Her impersonations of characters from imaginary films felt of a piece with the alienated mood of the time, when the Western world was beset by cynical disillusionment, and New York was on the verge of bankruptcy. Even so, making herself the raw material of her art appeared a gimmick, whose impact was hardly likely to last.

Since then, though, the rest of the world has caught up: isn’t exploring your identity through a succession of assumed personae just what everybody does now, as a matter of course?

Yet looking at this major exhibition of 150 works from the mid-Seventies to the present day, in which Sherman’s plastic features transform themselves from film noir starlet to old master muse to New York society hostess, you wonder if these are self-portraits at all. Is the Queen of Selfie-Culture exploring her “identity”, in the social media sense, or is she hiding it in plain sight?

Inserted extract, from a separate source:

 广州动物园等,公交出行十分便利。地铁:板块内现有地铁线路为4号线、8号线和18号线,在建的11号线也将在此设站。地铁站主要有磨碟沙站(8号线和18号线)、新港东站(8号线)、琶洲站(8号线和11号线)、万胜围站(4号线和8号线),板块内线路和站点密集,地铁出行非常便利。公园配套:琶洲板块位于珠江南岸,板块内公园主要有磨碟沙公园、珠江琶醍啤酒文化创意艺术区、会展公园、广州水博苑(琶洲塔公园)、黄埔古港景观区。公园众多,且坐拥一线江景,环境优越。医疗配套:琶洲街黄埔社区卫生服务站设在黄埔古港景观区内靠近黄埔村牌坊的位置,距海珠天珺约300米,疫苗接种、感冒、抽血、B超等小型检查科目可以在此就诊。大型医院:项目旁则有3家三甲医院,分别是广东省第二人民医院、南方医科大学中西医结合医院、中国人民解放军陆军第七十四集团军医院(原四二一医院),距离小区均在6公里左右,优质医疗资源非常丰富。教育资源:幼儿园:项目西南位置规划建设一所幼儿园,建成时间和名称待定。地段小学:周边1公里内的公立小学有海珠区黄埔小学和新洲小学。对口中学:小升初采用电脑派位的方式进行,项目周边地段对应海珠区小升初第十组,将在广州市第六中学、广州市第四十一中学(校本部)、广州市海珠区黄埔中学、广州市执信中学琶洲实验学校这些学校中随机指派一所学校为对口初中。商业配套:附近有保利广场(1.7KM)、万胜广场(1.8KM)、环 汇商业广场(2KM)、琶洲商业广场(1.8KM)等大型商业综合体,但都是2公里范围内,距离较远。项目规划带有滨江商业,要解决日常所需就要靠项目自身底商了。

Born in New Jersey in 1954, Sherman was already making quite sophisticated self-portraits as a student at Buffalo, New York, in her 20s. In Untitled A-E, 1975, she shows a chilling ability to change personality from wacky to aloof with a twist of the head, becoming in rapid succession a kooky middle-aged woman, a goofy dad and a vulnerable teenager. Everything she’s done since has been essentially an elaboration and variation on these technically modest, yet remarkably knowing, images.

Untitled Film Still #56, 1980 - Credit: Metro Pictures, New York/Courtesy of the artist
Untitled Film Still #56, 1980 Credit: Metro Pictures, New York/Courtesy of the artist

In her breakthrough series Untitled Film Stills, begun on her move to New York in 1977 – seen together here for the first time in Britain – she takes on a range of archetypal cinematic personae, from French New Wave to classic Hollywood. In #13 swept-back blonde hair and coquettish expression suggest Brigitte Bardot, while in #21 – one of her best – she looks uncertainly around a New York streetscape in early Fifties fashions that scream Hitchcock. Yet where a classic film-still gives a sense of a story, Sherman’s scenarios are left deliberately unresolved, so you’re left puzzling at what you’re seeing. If #08 brings to mind some Antonioniesque road movie, the more you look, the more it seems an almost abstract image of a woman in a desert.

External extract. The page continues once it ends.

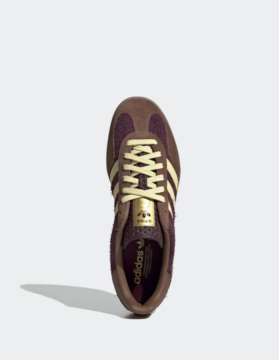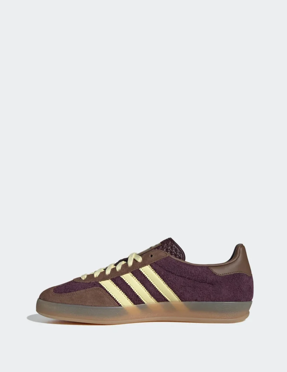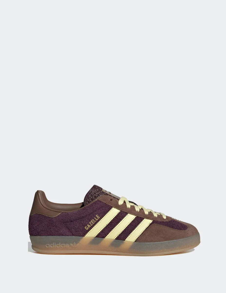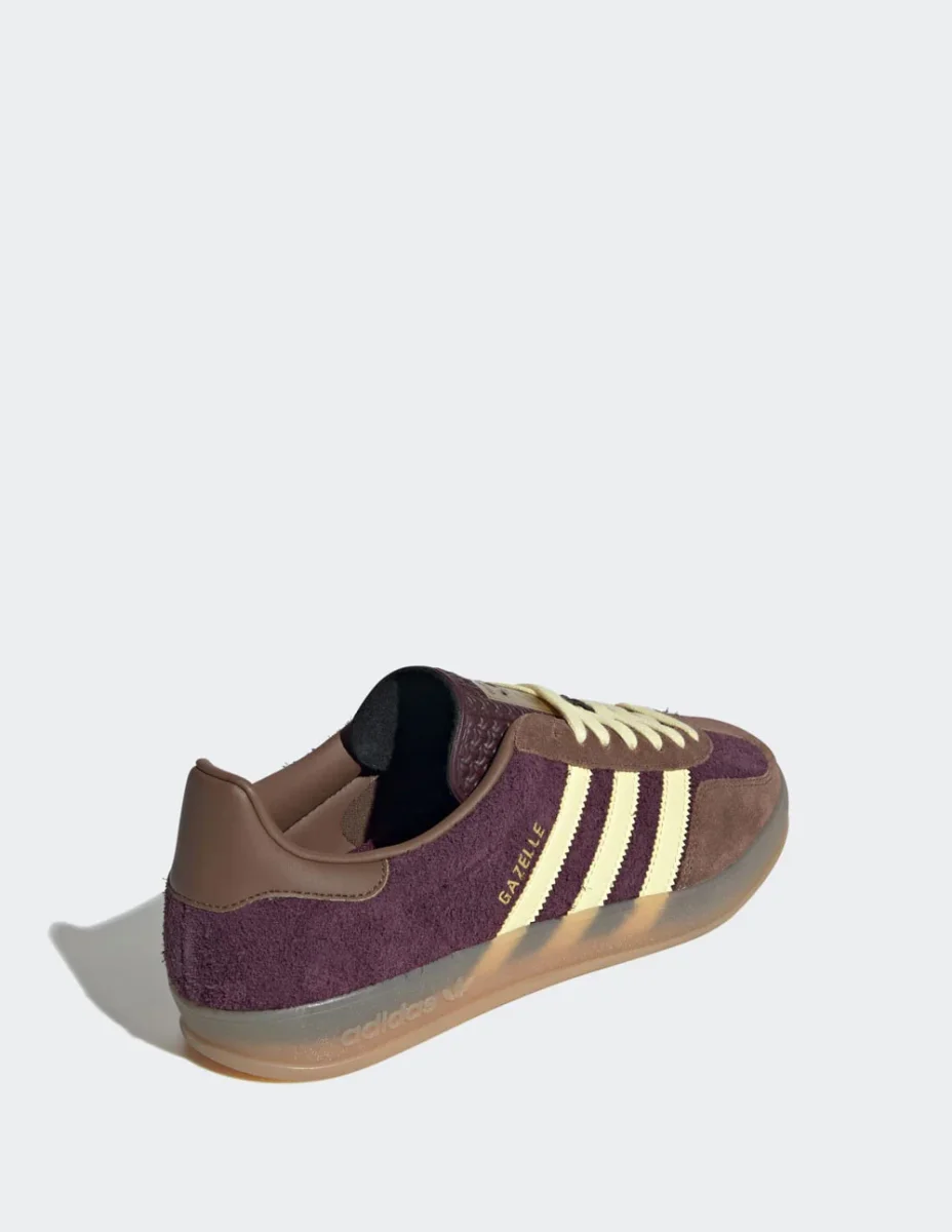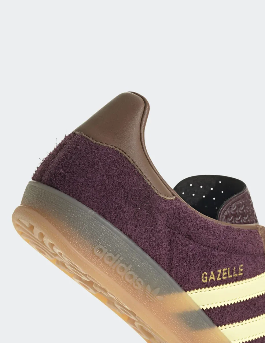 Las adidas Gazelle Indoor Burdeos destacan por su estética retro y acabados premium. Confeccionadas en ante suave, ofrecen un estilo atemporal ideal para el día a día. La suela de goma translúcida aporta un toque vintage y una pisada cómoda. Un icono que combina moda urbana y herencia deportiva.

Fame brought major assignments, and a hike in production values. In Centerfolds, 1981, commissioned by Artforum magazine, she experiments with the double-page format of the men’s-mag centrefold and the kind of prone poses used by glamour models, in sumptuous large-format colour images, in which she remains fully clothed with facial expressions that are near impossible to read. Despite allusions to Hollywood films, fashion photography and soft porn, the purpose of these images remains compellingly enigmatic: finally they’re just, well, art, but of a kind that had never quite been seen before.

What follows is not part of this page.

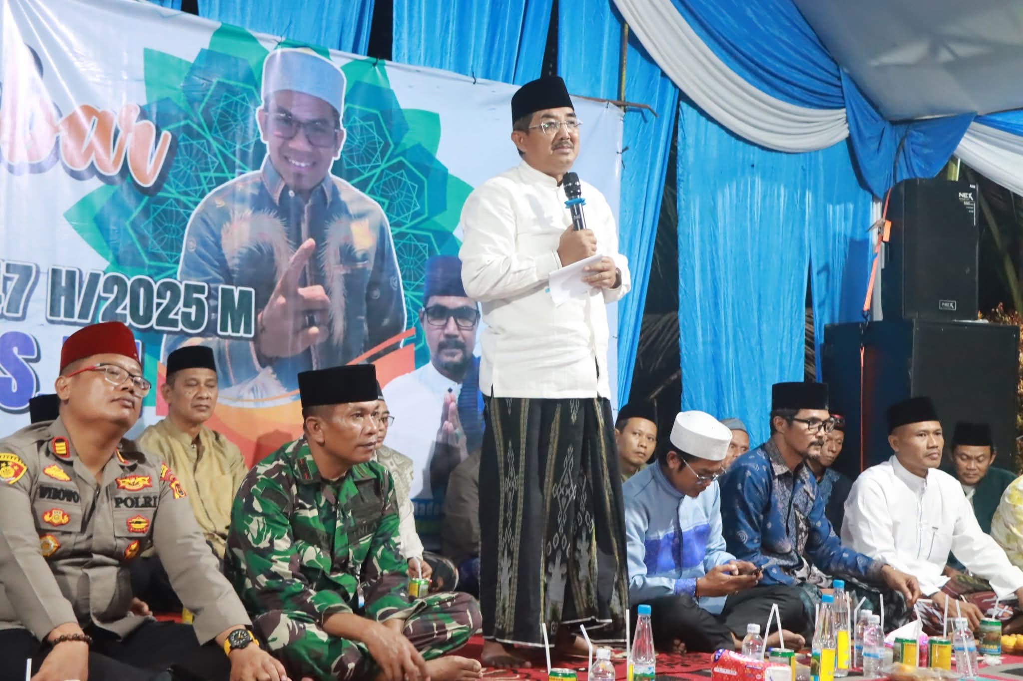 Sementara itu, Ustadz Anugrah dalam tausiyahnya mengingatkan jamaah untuk selalu memuliakan ulama demi keberkahan hidup, dengan menegaskan bahwa ulama adalah pewaris para Nabi. “Kalau kampung mau aman, damai, subur, dan penuh keberkahan, muliakan para ulama dan ustadz, maka Allah akan menurunkan keberkahan di daerah tersebut,” ungkapnya.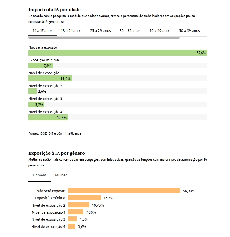 No relatório da OIT adaptado pela LCA para o Brasil, os jovens de 14 a 17 anos ocupam o terceiro grupo mais vulnerável a ser atingido pela IA generativa. Ao menos 12,8% dos trabalhadores nesta faixa etária estão no gradiente 4, refletindo a maior presença de jovens em funções administrativas e operacionais.

In the standout, and the most straightforward, Untitled #92, Sherman crouches. sweaty and dishevelled, clad in a tartan skirt, looking up in wide-eyed alarm. It’s a brilliant parody of – again – Hitchcock and a critique of the way some male directors get their kicks putting actresses in positions of threat. Yet if it’s feminist, Sherman is too sophisticated to make it too obvious.

Untitled #92, 1981 - Credit: Metro Pictures, New York/Courtesy of the artist 
Untitled #92, 1981 Credit: Metro Pictures, New York/Courtesy of the artist

In the Pink Robe series, 1982, she presents herself apparently au naturel, without make-up, swathed in an old dressing gown and looking at the camera for the first time. While some have assumed these show the “real” Cindy Sherman, you get a sense that she’s double-bluffing, that it’s just more role-play, and while she looks towards us, she carefully – and significantly – never quite meets our gaze.

From here on, Sherman’s career progresses in a succession of themed projects that become glossier and more richly detailed. In a range of old master pastiches, from 1988, she’s seen in roles from a Holbeinesque bearded merchant to Raphael beauty with prosthetic breasts, while her Fairy Tales, 1985, in which she appears variously with bleeding mouth and with a prosthetic pig’s features are actually pretty silly.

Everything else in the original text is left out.